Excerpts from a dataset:
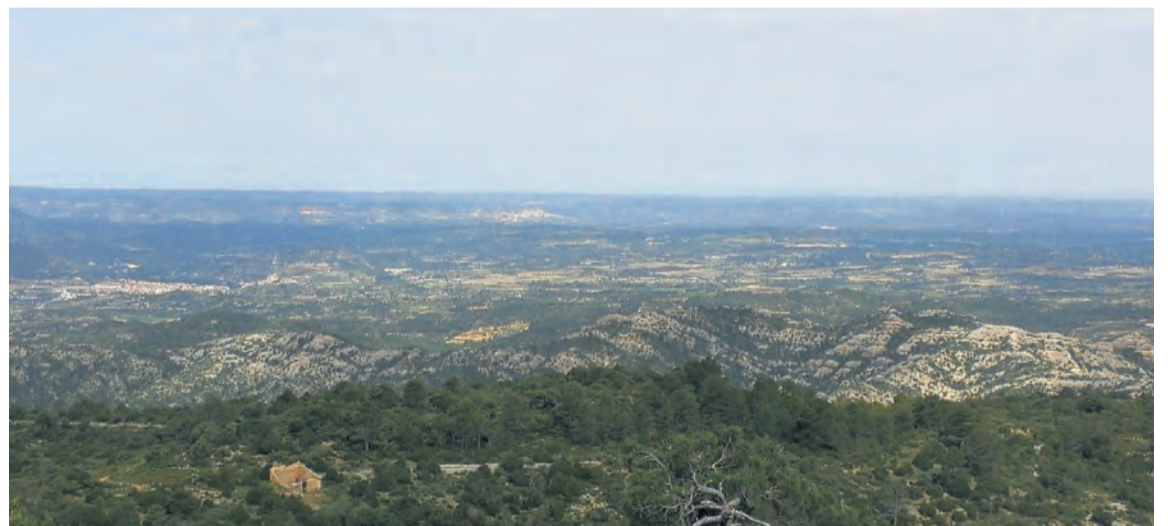
La ruta permite disfrutar de unas monumentales vistas de los paisajes de la comarca del Matarranya. NDM

Para desarrollar esta ruta es importante ir bien equipado, tener una buena forma física y llevar agua suficiente, no es una excursión apta para hacer en familia o para aquellos nada experimentados . Además, se debe tener mucha precaución y asegurarse que la meteorología será la adecuada para disfrutar de la ruta.
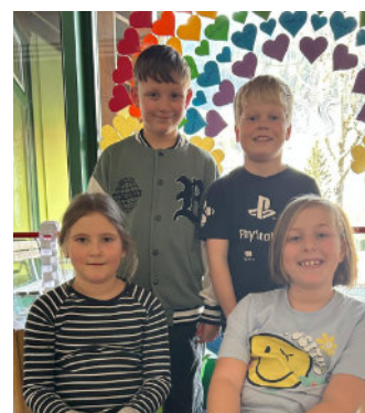
...4 Kinder in Pusterwald am 9. Juni
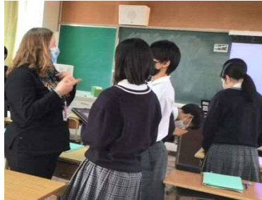
中学校外国語科のやりとりを中心とした授業
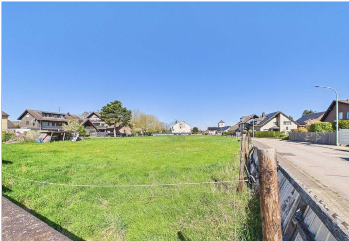
Blick von Straße
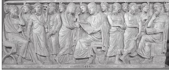
Resim 1. Pullius Peregrinus Sarkofağı, Torlonia Müzesi, 240-260.

Roma Sanatı'nda filozof betimli figürler ağırlıklı olarak erkektir. 8 Tipleminin klasik versiyonunda sakallı, 9 pallium 10 ve tunik giyimli; elinde kitap, rulo, kodeks ve/veya değnek tutmakta olan bir figür; oturur veya ayakta durur vaziyetteyken okuma, düşünme veya söylev verme/konuşma halinde betimlenir. Figür yalnız olabildiği gibi etrafında insanlar ya da ilham perileri veya erdemlerin kişileştirimleriyle çevrili olarak da betimlenebilir. Pagan sarkofaglarındaki filozof figürü 11 gömülü olan kişiyi temsil eder; kimi örneklerde bu kişiyi çevreleyen figürlerde de filozoflara atfedilen giysi/sakal kodlarının kullanıldığı görülür (Resim 1). Hıristiyan sarkofaglarında rastlanan filozof figürü 12 ise İsa'yı, sarkofagda yer alan sahnelerdeki diğer figürleri ve/veya sarkofagda gömülü olan kişiyi betimlerken kullanılır (Resim 2). Filozof/öğretmen betimleri sarkofaglar dışında katakomplar ve taşınabilir objelerde de resmedilmiştir 13 (Resim 3).

▶ **Aim of the exercise**:
Would you write out an exact copy of the entries above, with no images?

▶ **Completed exercise**:
La ruta permite disfrutar de unas monumentales vistas de los paisajes de la comarca del Matarranya. NDM

Para desarrollar esta ruta es importante ir bien equipado, tener una buena forma física y llevar agua suficiente, no es una excursión apta para hacer en familia o para aquellos nada experimentados . Además, se debe tener mucha precaución y asegurarse que la meteorología será la adecuada para disfrutar de la ruta.
...4 Kinder in Pusterwald am 9. Juni
中学校外国語科のやりとりを中心とした授業
Blick von Straße
Resim 1. Pullius Peregrinus Sarkofağı, Torlonia Müzesi, 240-260.

Roma Sanatı'nda filozof betimli figürler ağırlıklı olarak erkektir. 8 Tipleminin klasik versiyonunda sakallı, 9 pallium 10 ve tunik giyimli; elinde kitap, rulo, kodeks ve/veya değnek tutmakta olan bir figür; oturur veya ayakta durur vaziyetteyken okuma, düşünme veya söylev verme/konuşma halinde betimlenir. Figür yalnız olabildiği gibi etrafında insanlar ya da ilham perileri veya erdemlerin kişileştirimleriyle çevrili olarak da betimlenebilir. Pagan sarkofaglarındaki filozof figürü 11 gömülü olan kişiyi temsil eder; kimi örneklerde bu kişiyi çevreleyen figürlerde de filozoflara atfedilen giysi/sakal kodlarının kullanıldığı görülür (Resim 1). Hıristiyan sarkofaglarında rastlanan filozof figürü 12 ise İsa'yı, sarkofagda yer alan sahnelerdeki diğer figürleri ve/veya sarkofagda gömülü olan kişiyi betimlerken kullanılır (Resim 2). Filozof/öğretmen betimleri sarkofaglar dışında katakomplar ve taşınabilir objelerde de resmedilmiştir 13 (Resim 3).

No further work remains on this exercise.